Miraba de un lado a otro para ubicarla, pero no aparecía. Entonces me
conformaba mirando a las demás. Daba círculos a todo el centro de Chiclayo
hasta completar unas dos horas de recorrido, luego llegaba a casa cansado y
sudoroso. Tomaba un baño y luego almorzaba con mi familia. Durante ocho meses
me acostumbré a esa vida. Salía un rato a la calle y luego regresaba a casa.
Estaba tranquilo conmigo mismo. Había paz y amor en mi hogar.
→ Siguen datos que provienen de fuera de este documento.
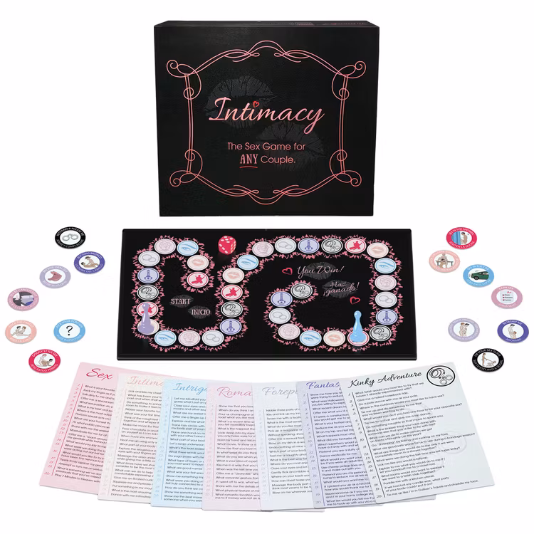 Brädspelet där du svarar på intima frågor och utför erotiska aktiviteter med din partner medan du flyttar runt på ett spelbräde. Utforska sju kategorier med sexiga äventyr, medan du samtidigt tjänar sexuella belöningar. Vinnaren får välja ett reward coin med spännande lekar, men den andra spelaren väljer vilken av de två sidorna ni ska utföra. Intimacy är ett könsneutralt spel.

Un jueves cualquiera del mes de enero salí por la tarde a pasear un
rato. Había cambiado mi horario habitual porque deseaba salir de la
rutina. Mientras hacia mi recorrido acostumbrado se hizo de noche. El ruido en
la ciudad era más estridente a esas horas. Había más movimiento en las calles.
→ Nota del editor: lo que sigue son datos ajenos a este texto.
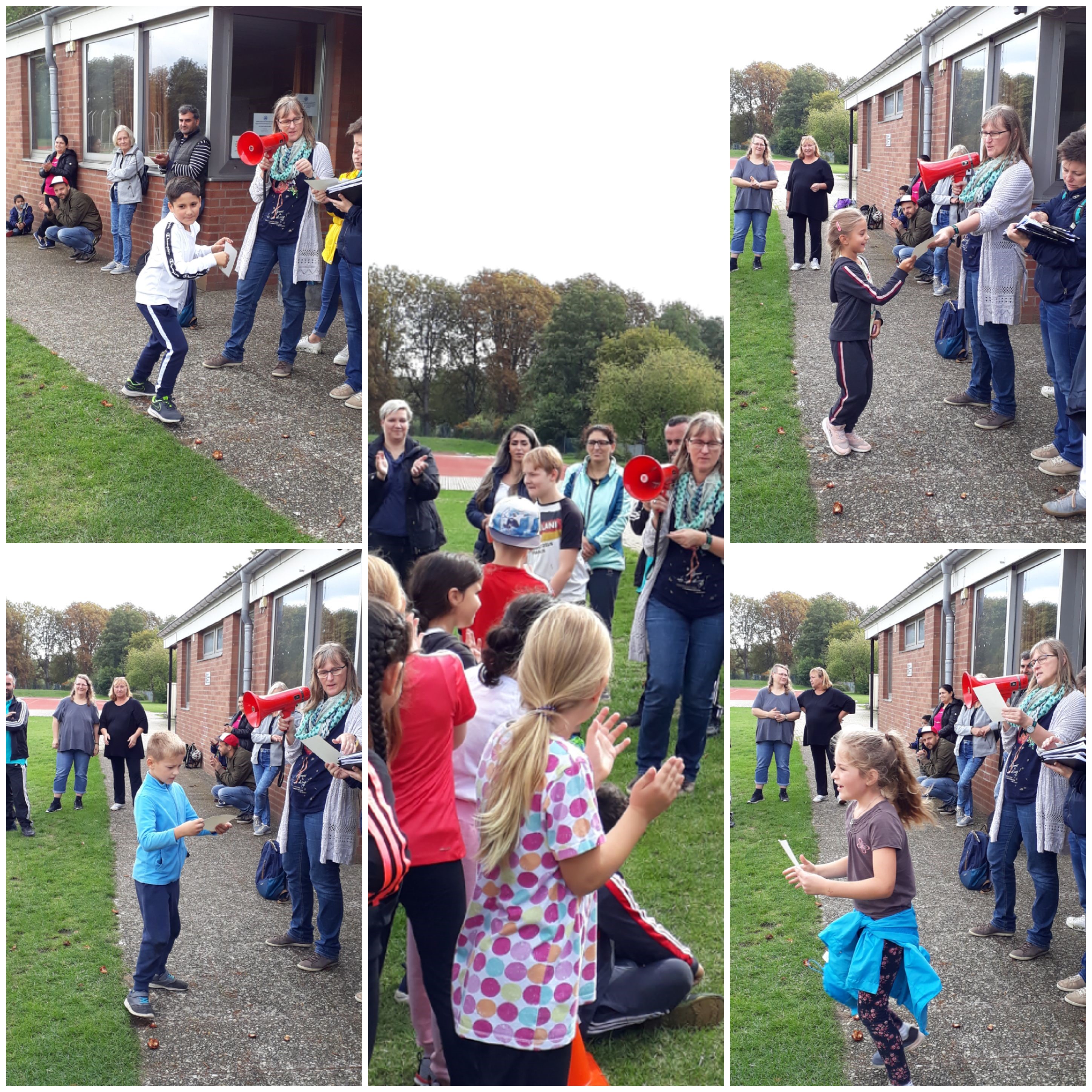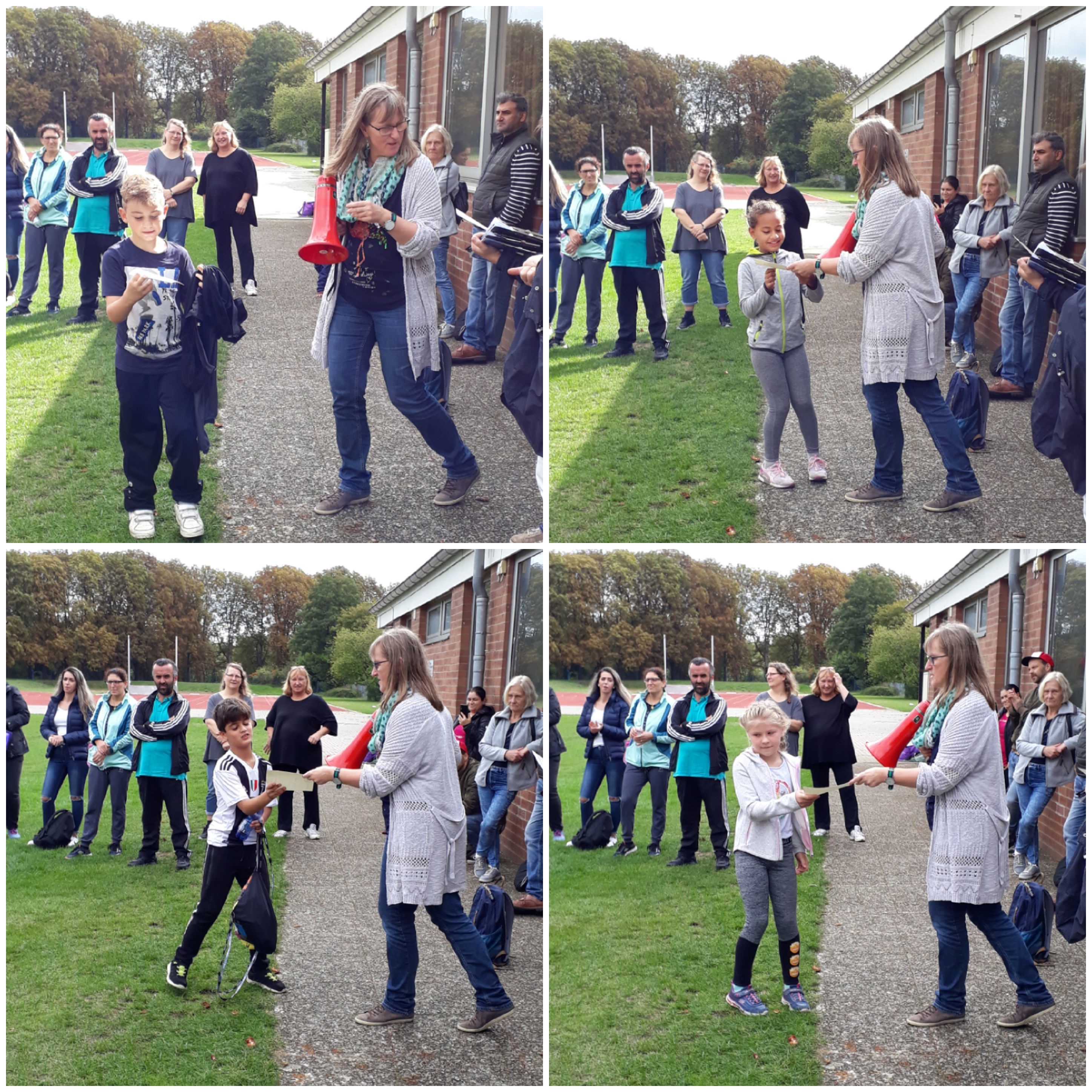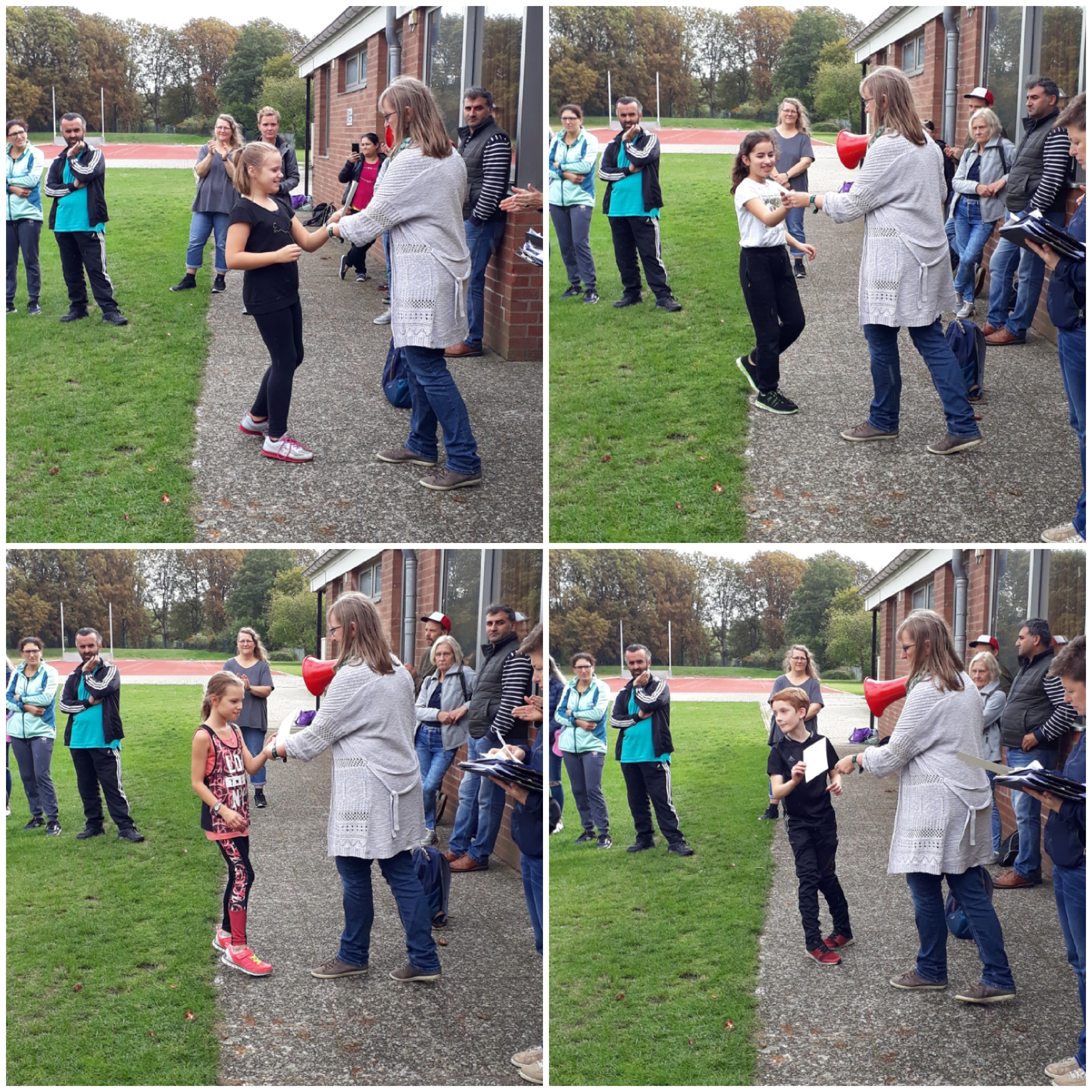 Hochmotiviert und mit viel Spaß durchliefen alle die Disziplinen `Laufen`, `Springen` und `Werfen` und sammelten eifrig Punkte für ihre Urkunden. Angefeuert wurden die Schülerinnen und Schüler durch die zahlreichen helfenden Eltern, die Lehrkräfte, die Pädagogischen Mitarbeiterinnen und einer pensionierten Lehrkraft.
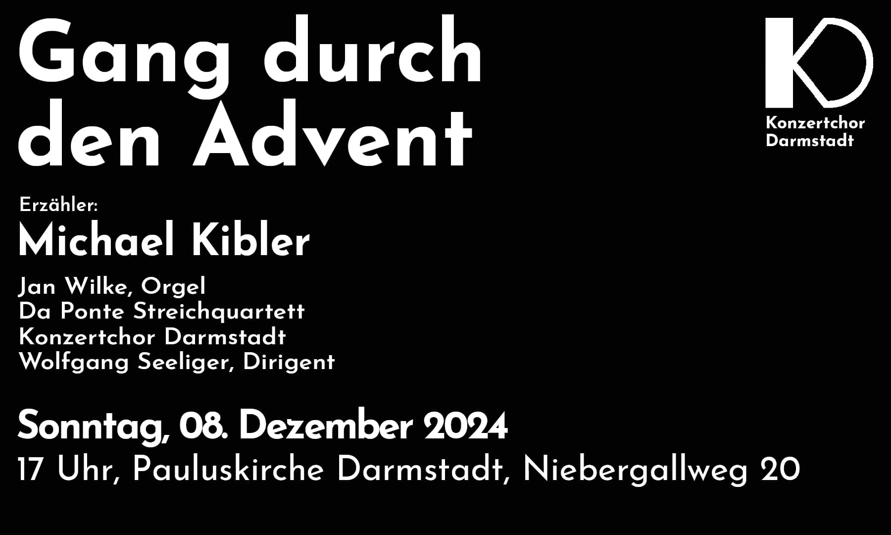 Der Konzertchor Darmstadt veranstaltet seinen „Gang durch den Advent“ dieses Jahr am 2. Adventswochenende und singt sowohl A Cappella als auch begleitet von einem Instrumentalensemble und Orgel.

Las tiendas comerciales y los negocios brillaban con sus luces encendidas. Me
entró la curiosidad de saber cómo sería el muelle de Pimentel de noche así que
al día siguiente a eso de las 18:30 pm partí hacia allá. Tenía iluminado todo
el camino con muchos postes de luz. Mucha gente paseaba en familia o con
amigos. Otros salían a pasear con sus perros. No me atreví a ingresar al muelle
por el terrible frío que había dentro. Me senté en una de sus bancas y empecé a
mirar para todos lados. Había unas chicas muy bonitas a las que uno deseaba
hablarles y conquistarlas. Me levanté y empecé a caminar de esquina a esquina
para intentar siquiera llamar la atención de alguna de ellas. Estuve así por el
lapso de dos horas. Al menor contacto visual asentía con la cabeza para
saludarla y si había una respuesta igual movía la mano para asegurar un
acercamiento y después una conversación. A las 10:30 pm de la noche las
personas iban desapareciendo poco a poco. A las 10:54 pm ya no había ninguna.
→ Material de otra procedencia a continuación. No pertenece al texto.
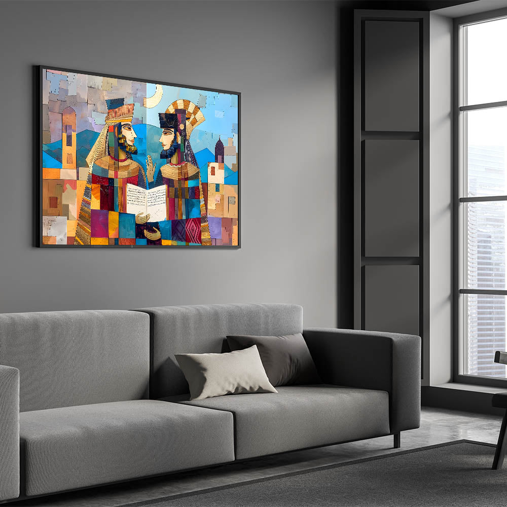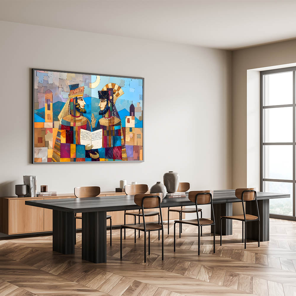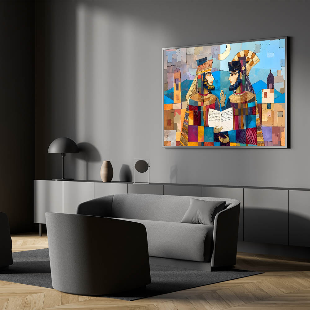 Step into the world of ancient Mesopotamia with this striking Mesopotamian Royalty wall art, featuring two intricately detailed figures dressed in vibrant colors. The geometric patterns and bold blocks of color add a modern, artistic twist to the depiction of historical figures, making this artwork a blend of ancient and contemporary styles. The figures are shown in deep conversation, holding a scroll, which adds a layer of cultural significance to the piece. The detailed backgrounds of the blue mountains and warm city structures enhance the depth of the scene, bringing the story of Mesopotamian royalty to life.
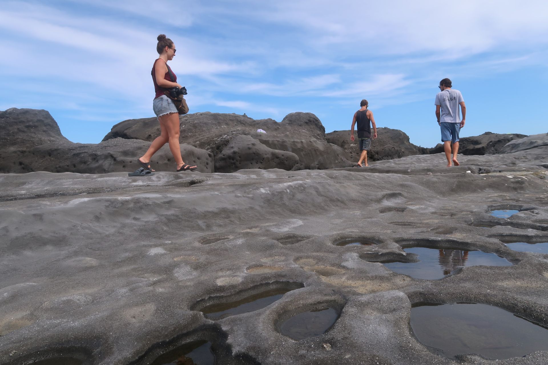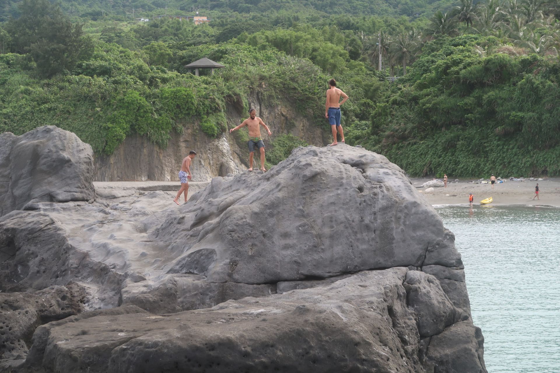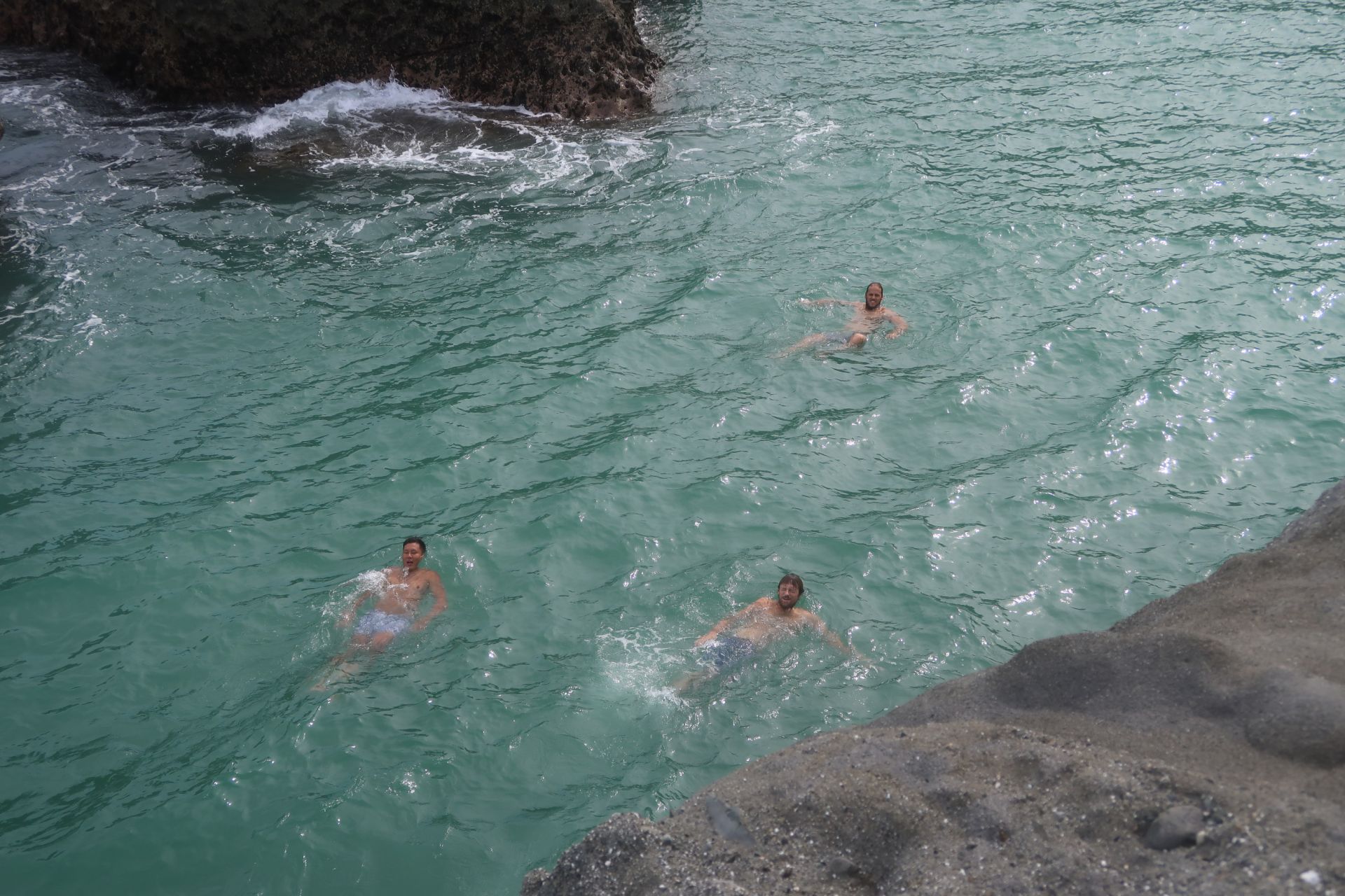 Noch etwas geflashed von den vielen Penisen, gings mit dem Roller Richtung Strand. Anscheinend gab es ganz in der Nähe einen Felsen, von wo aus man prima ins Meer „gumpen“ kann. Der Felsen ist vielleicht 8 Meter hoch. Die Jungs waren natürlich Feuer und Flamme − Dara und Kelvin wahrscheinlich etwas mehr als Remo. Denn Remo mag die Höhe nicht besonders. Doch nach kurzem Zögern, sprang auch er ins Wasser.

Un señor apareció desde la otra esquina y me levantó la mano para avisarme que
la última combi ya salía para Chiclayo.
- Ya nos vamos. ¿Te vas?
- me preguntó el cobrador.
- Si. Espérame, ahorita
voy. – le respondí.
Cuando estuve dentro
del vehículo le pregunté:
- ¿A qué hora sale la
última combi?
- A las once. – me respondió.
Había llegado a las justas. Unas chicas desconocidas que estaban en los asientos delanteros y que me pareció haberlas visto pasear por el malecón, empezaron a reírse. El cobrador las acompañó con la risa. Luego el chofer también empezó a carcajearse. Me avergoncé porque me pareció que se reían de mí. A los pocos minutos empecé otra vez a marearme por culpa de los gases tóxicos y el movimiento del vehículo. Saqué la cabeza por la ventana para tomar un poco de aire y sentir las ráfagas de viento que te golpean como una cachetada cuando el vehículo transita a toda velocidad. Cuando noté que iba acercándome al paradero le ordené al cobrador que se detuviera en la esquina. Al intentar bajar de la combi me tropecé con algo y caí al suelo. Las chicas, el cobrador y el chofer empezaron a carcajearse al mismo tiempo con todas sus fuerzas. Me levanté de un salto como si no hubiera pasado nada. Me sacudí las ropas, tosí a causa de una carraspera y marché a casa.